# Painting Hard Bodys



## hrnts69 (Apr 12, 2007)

What the correct process of paitning a LL NASCAR Hard Body? The MHRA race is this Sunday and i have my P-Cup and G-Jet Bodys painted to match so why can i do the same with my LL T-Chassis?

Do i still use Scotch Clear tape to cover the windows, or paint the windows with a Sharpie since the windows are already colored?

Thanks
SBS Motorsports


----------



## hrnts69 (Apr 12, 2007)

Anybody???


----------



## roadrner (Jul 21, 1999)

I've used black metal foil to cover molded windows once my painting is finished. rr


----------



## ScottD961 (Jan 31, 2008)

If I was going to cover them to protect them from paint I would use one of the bare metal foils or scotch tape. If you are talking about painting them to look real afteerwards I would either use the black foil already mentioned here or a light shade of grey paint


----------



## Hilltop Raceway (Feb 12, 2006)

Haven't tried the black foil yet. Most Lifelike cars have a big front windshield with a convex curve, which makes it difficult to use tape. I painted the whole car, used Tamiya masking tape to mask the car, and painted the windows last. Just use enough paint to hide, then clear the whole thing. When cutting out the tape, use a sharp blade and just enough pressure to cut the tape. The inset windows will let the blade ride against the window frame edge for a good cut. Practice on a junker first. RM


----------



## resinmonger (Mar 5, 2008)

Had to buy a new keyboard. The orignal one shorted out when I drooled all over it looking at the above picture. Now have a drool gutter installed so I can safely look at Randy's work. :drunk::hat::freak::dude:


----------



## [email protected]&MRACEWAY (May 8, 2008)

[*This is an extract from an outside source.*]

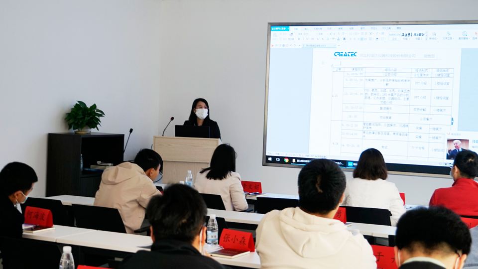 4月23日下午,销售部张耀明经理以PPT的形式讲解了环境在线分析仪器及余氯在线分析仪的原理、组成、主要功能等。
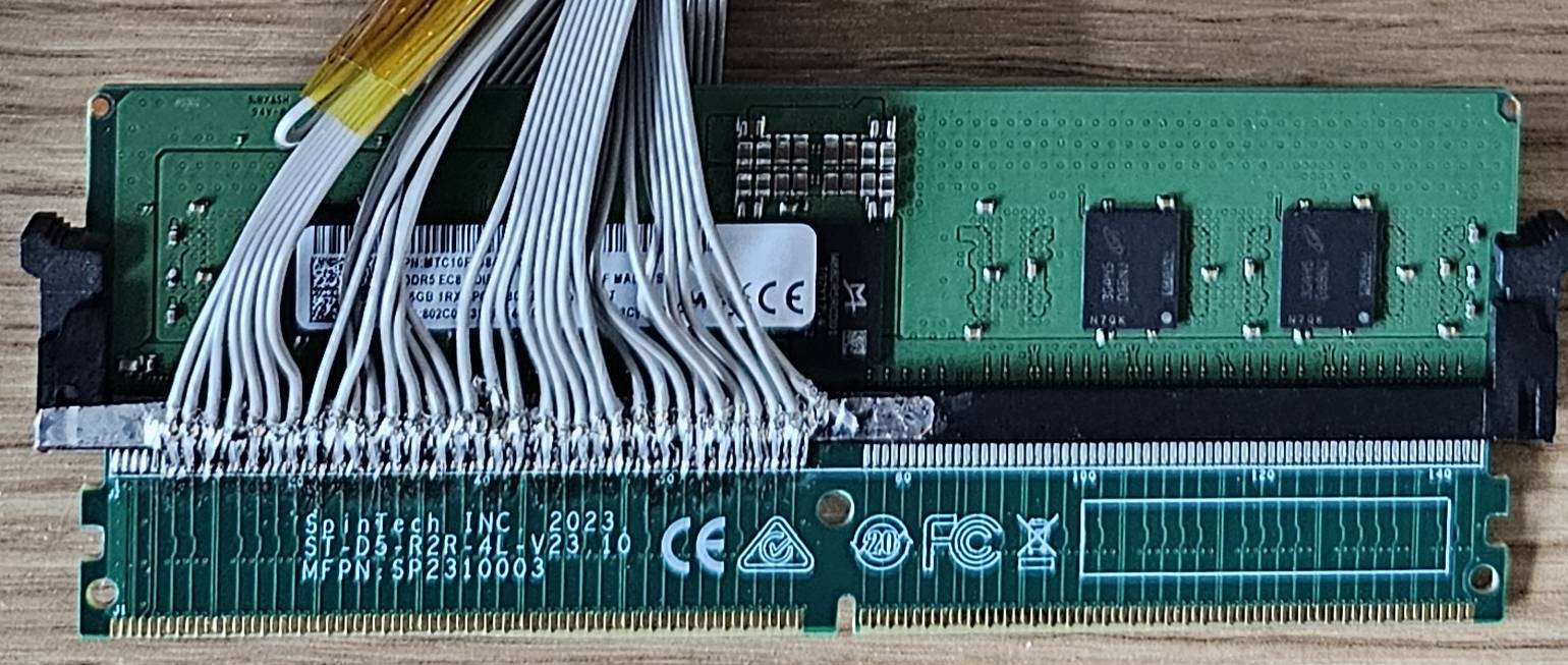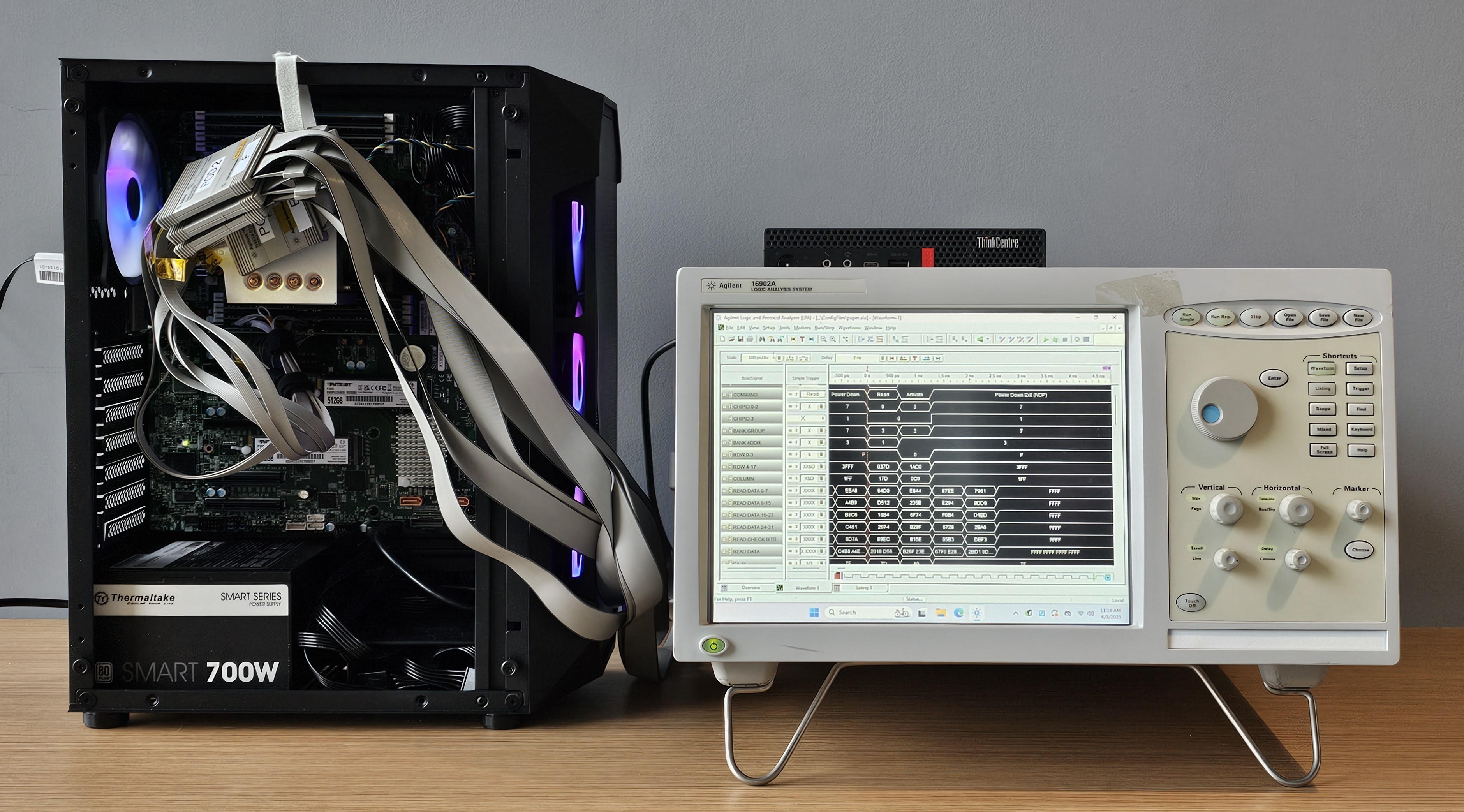 We use our DDR5 DRAM Bus interposer to observe memory transactions, showing reads and writes to plain and encrypted memory alike. On the left is our DDR5 interposer device, soldered by hand. On the right is our target setup with the interposer attached to a DDR5-based target machine running TDX.

Good Night Lucy That Is Sharp Car 
Make Me One( Lol)


----------



## slotnewbie69 (Dec 3, 2008)

Hilltop Raceway said:


> Haven't tried the black foil yet. Most Lifelike cars have a big front windshield with a convex curve, which makes it difficult to use tape. I painted the whole car, used Tamiya masking tape to mask the car, and painted the windows last. Just use enough paint to hide, then clear the whole thing. When cutting out the tape, use a sharp blade and just enough pressure to cut the tape. The inset windows will let the blade ride against the window frame edge for a good cut. Practice on a junker first. RM


you...do...nice...work...!


----------